- **WHAT IS REQUIRED**: Because the pictures are not wanted, reproduce the rest of the records below exactly as they stand.

(Records from a data source)
● ● ● ● ●

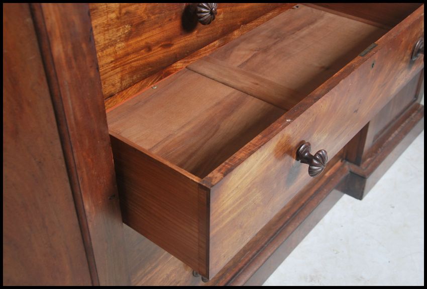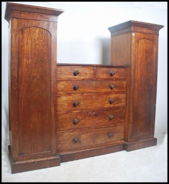 A Regency - Victorian mahogany compactum triple wardrobe combination. Raised on a plinth base having a large central chest of drawers being flanked by sentry box wardrobes either side. The large chest with original knob handles. Finished with flared cornice tops to the wardrobes. Dismantles into 6 pieces for ease of movement. All together measures 186cm high x 220cm wide x 56cm deep.
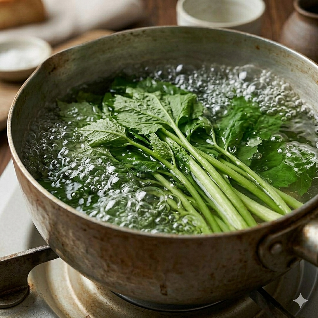 끓는 물에 소금을 한 큰술 넣고 머위를 줄기부터 넣어 약 2~3분간 데칩니다. 데친 머위는 즉시 찬물에 헹궈 열기를 빼야 색감이 살아납니다. 만약 머위의 쓴맛이 너무 강하다면 찬물에 30분 정도 담가두는 것이 요령입니다.
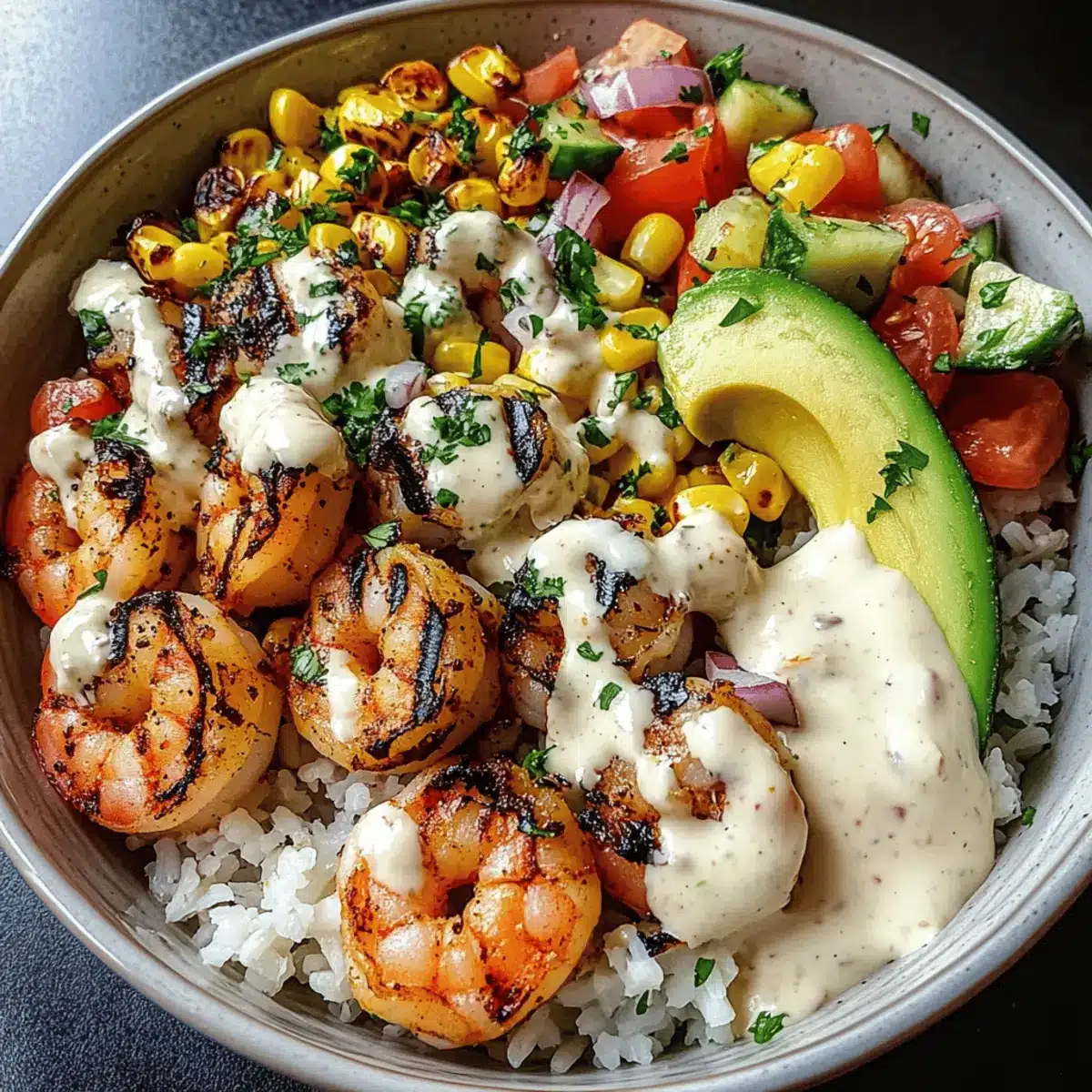 Dive into this Grilled Shrimp Bowl with Avocado, Corn Salsa & Creamy Sauce and discover how each ingredient comes together to create a delightful culinary experience!
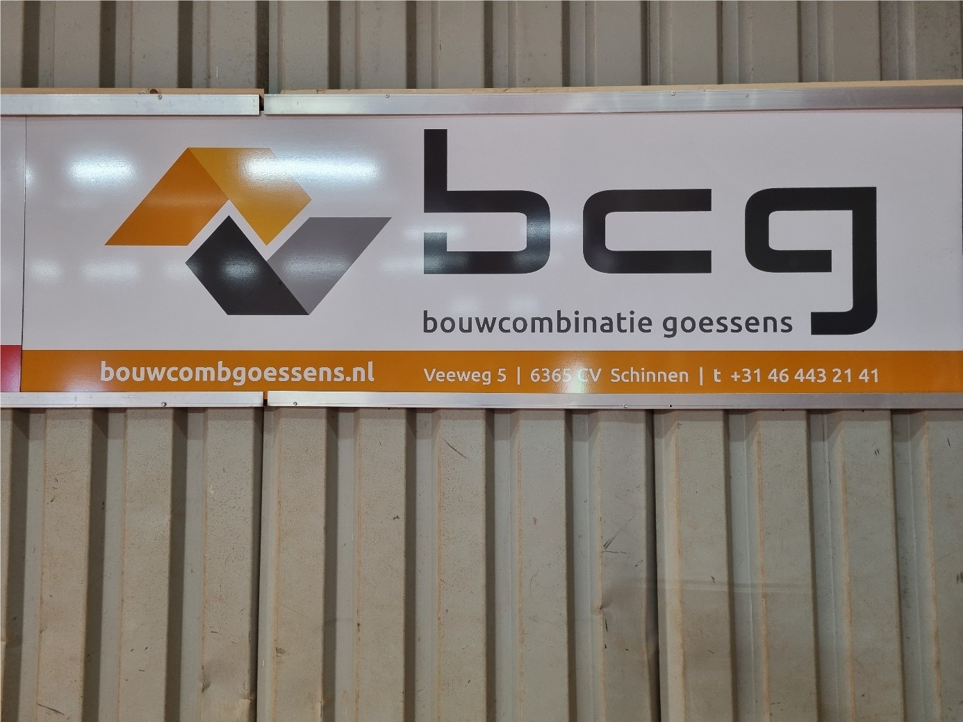 In de tennishal hangt een sponsorbord van Bouwcombinatie Goessens (BCG). BCG is gevestigd op Veeweg 5 in Schinnen. |
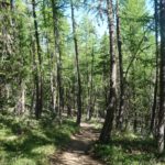 Ça monte ensuite pas mal sur un petit sentier en lacets dans la forêt de mélèzes. Elle est bien claire, il y a une bonne régénération au sol et les branches sont toutes douces quand on les frôle. On rejoint le torrent se transformant en cascade.

● ● ● ● ●

- **PROBLEM SOLUTION**:
 A Regency - Victorian mahogany compactum triple wardrobe combination. Raised on a plinth base having a large central chest of drawers being flanked by sentry box wardrobes either side. The large chest with original knob handles. Finished with flared cornice tops to the wardrobes. Dismantles into 6 pieces for ease of movement. All together measures 186cm high x 220cm wide x 56cm deep.
 끓는 물에 소금을 한 큰술 넣고 머위를 줄기부터 넣어 약 2~3분간 데칩니다. 데친 머위는 즉시 찬물에 헹궈 열기를 빼야 색감이 살아납니다. 만약 머위의 쓴맛이 너무 강하다면 찬물에 30분 정도 담가두는 것이 요령입니다.
 Dive into this Grilled Shrimp Bowl with Avocado, Corn Salsa & Creamy Sauce and discover how each ingredient comes together to create a delightful culinary experience!
 In de tennishal hangt een sponsorbord van Bouwcombinatie Goessens (BCG). BCG is gevestigd op Veeweg 5 in Schinnen. |
 Ça monte ensuite pas mal sur un petit sentier en lacets dans la forêt de mélèzes. Elle est bien claire, il y a une bonne régénération au sol et les branches sont toutes douces quand on les frôle. On rejoint le torrent se transformant en cascade.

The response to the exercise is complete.